If you’re anything like me, you love that sizzle and spice of authentic fajitas, but honestly, who needs the tortilla bloat sometimes? I get it! That’s why I developed this Steak Fajita Low Carb Bowl. It’s all the bold flavor you crave—the tender, marinated steak, the sweet, smoky peppers—but served over a hearty base instead of wrapped up. This recipe proves that letting go of the carbs doesn’t mean sacrificing comfort or flavor. Here at Sena Recipes, my goal, as Emma Laurent, has always been to make balanced meals that feel truly satisfying. Trust me, this bowl is going to change your weeknight dinner routine, especially when you’re looking for easy, high-protein, low-carb meals!
Why This Steak Fajita Low Carb Bowl Works So Well
You might think missing the tortilla means missing out on the fun, but I promise you, this bowl packs a much bigger punch! This Steak Fajita Low Carb Bowl is designed for satisfaction. It’s incredibly high in protein, which keeps you full for hours, and it’s so easily adjustable based on what you have in the fridge. Who doesn’t love flexibility in their dinner plans?

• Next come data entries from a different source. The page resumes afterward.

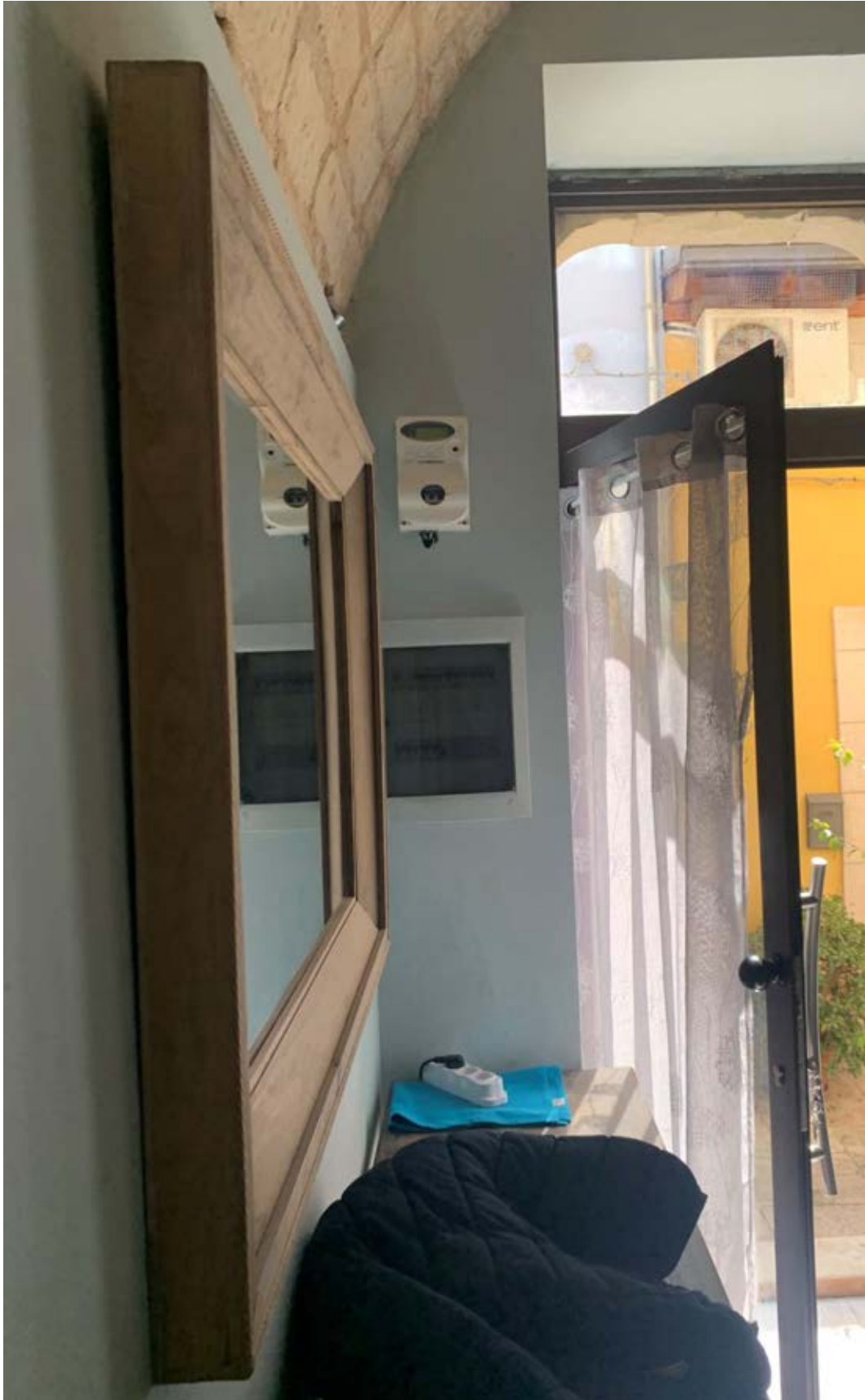
Figura 4: Ingresso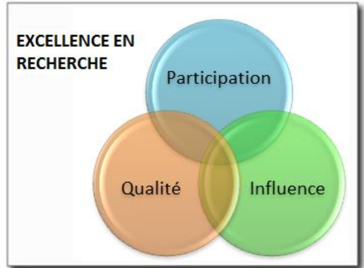
Figure 1. Diagramme provisoire de l'« excellence en recherche » utilisé au Forum d'apprentissage pour amorcer le dialogue

Pour faire progresser les échanges, nous avons choisi 18 premiers critères vi qui illustraient l'étendue des diverses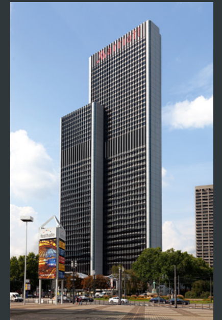
Westend Gate Frankfurt

Das gelingt uns mit einem breit aufgestellten Team aus Objektplanung, Projektmanagement, Bauleitung, TGA-Expertinnen und -Experten sowie kaufmännischen Fachkräften. Wir vereinen alle Gewerke und setzen Innen-Um- und -Ausbau-Projekte schnell und effizient um. Dabei haben wir sowohl den Kundennutzen als auch den Nachhaltigkeitsaspekt im Fokus und bringen beides in Einklang.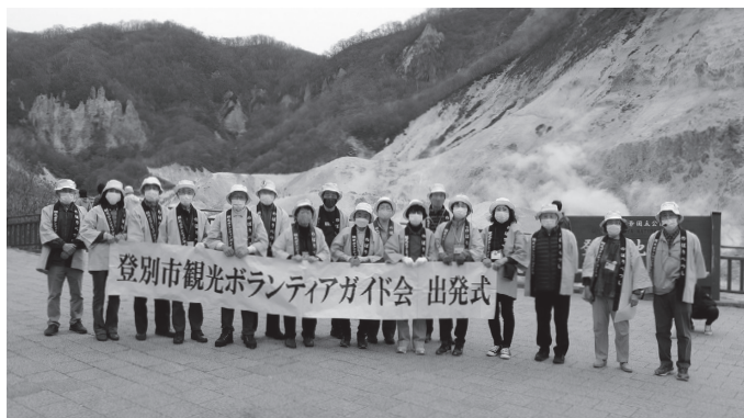
▲登別市観光ボランティアガイド会の皆さん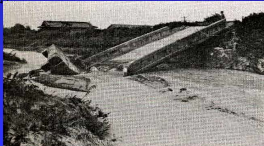
千里川 下走井橋被害状況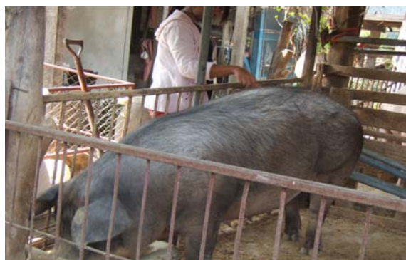
การเลี้ยงสัตว์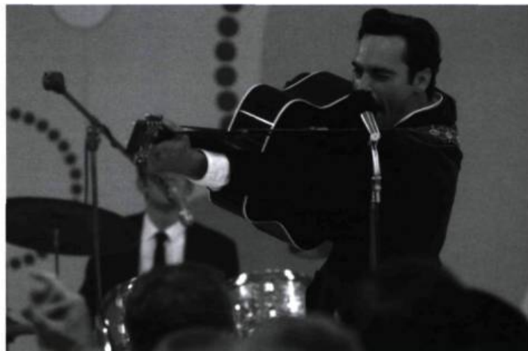
Joaquin Phoenix dans la peau de Johnny Cash dans Walk the Line de James Mangold.

C'est donc à l'écart des blockbusters que les acteurs s'éclatent et, surtout, qu'ils parviennent à se faire un nom. Car son Oscar remporté pour sa prestation dans un film à petit budget (8 millions), Charlize Theron le rentabilise en tenant le rôle titre d' Aeon Flux (budget de 62 millions). Idem pour Halle Berry qui obtient la pré-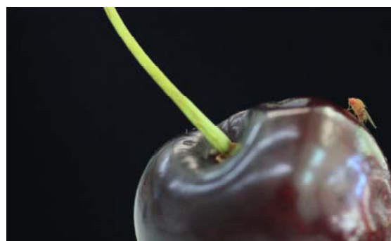
Femelle sur une cerise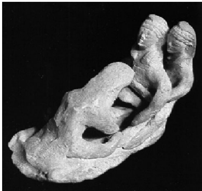
4. kép. Szülő asszony két segítőjével. Terrakotta csoport, Kr. e. 6/5. század, a születés istennőjének szentélyéből, Lapithosról, Ciprusról

Elsőként Andrea Bieler 66 öszövevényes és gyakorlati teológus mutatott rá, hogy a panaszzsoltárok struktúrája sok közös vonást mutat a modern kognitív irányultságú traumaterápiákból származó ismereteinkkel. 67 A zsoltárokból lévő panaszok egy észlelő és „halló” szemközti valósághoz intéznek kiáltásukat, ily módon egy kapcsolatot újbolí felvételeként és intenzitásának növeléseként is jellemezhetőek (Zsolt 22,2; 88,3). Egyfelől „önvizsgálatra” vezetnek, másfelől pedig az ellenállás, változtatás, igazság iránti vágy kifejeződései. Ennek során Isten „halló, észlelő szemközti valóságként” szólíttatik meg, s e beszédaktus fontos lépés a trauma által okozott izolációból és kapcsolati törésből való kilépés útján. 68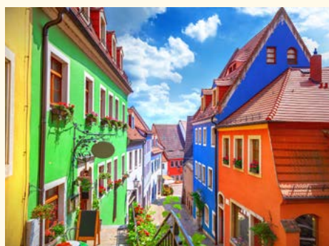
Idylle in Meissen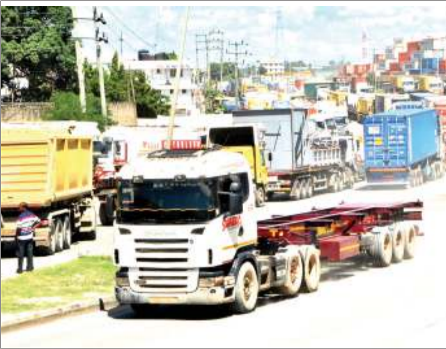
Baadhi ya malori ya mizigo yakiwa kwenye foleni yakisubiri kupimwa kwenye mzani Barabara ya Mandela, eneo la Kurasini jijini Dar es Salaam jana. Wamiliki wa ofisi jirani na mzani huo, wamelalamikia usumbufu na kushindwa kuingia kazini kwa wakati kutokana na foleni hiyo.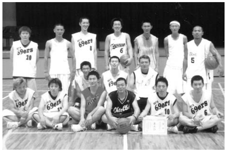
▲ 「一度、見学に来てください」と皆さん

練習は、大任中学校体育館で毎週水・土曜日の19時30分から22時まで行っています。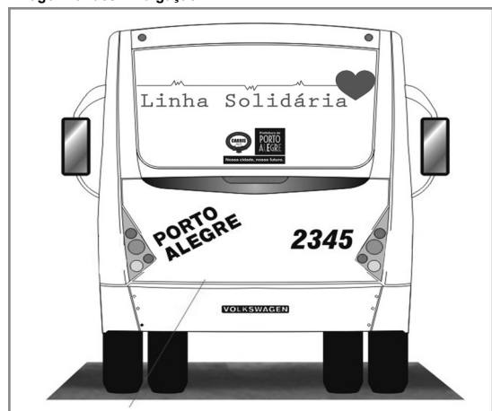
Ônibus personalizado fará o transporte até os locais de doação

A Carris lança nesta manhã, 25, o projeto Linha Solidária, em solenidade a partir das 10h30, no Paço Municipal (Praça Montevideu, 10). Com o objetivo de incentivar a cidadania em Porto Alegre, a empresa irá destinar um ônibus personalizado ao transporte de grupos de pessoas para doação de sangue nos postos de coleta da Capital. O projeto conta com apoio do Hemocentro do Estado do Rio Grande do Sul (Hemorgs) e dos hemocentros da Santa Casa de Porto Alegre, Hospital de Clínicas e Hospital de Pronto Socorro.

- It keeps the incredibly bold seasoning you expect from classic fajitas.
- The steak cooks up perfectly tender every single time.
- It feels like a complete, comforting meal without that heavy, sluggish feeling later! You can find tons of great ideas like this in my high protein recipes section.
Flavorful Marinade and Perfectly Cooked Steak
Seriously, don’t skip the marinating time. That zingy mix of lime, garlic, and spices isn’t just for show; it breaks down the steak fibers just enough to make flank or skirt steak ultra-tender. That’s my commitment to quality coming through—making simple ingredients taste fantastic without fuss. When you pull that perfectly seared steak off the heat, you know you nailed the flavor base.
The Essential Low Carb Base for Your Steak Fajita Low Carb Bowl
We swap the standard rice and tortillas for something much lighter. For me, it’s all about cauliflower rice. It soaks up all those delicious pan juices beautifully! But don’t feel locked in. If you’re feeling extra fresh, just set everything over a big pile of crisp romaine lettuce—it turns into the best kind of salad without tasting restrictive. It truly lets the steak and veggies shine!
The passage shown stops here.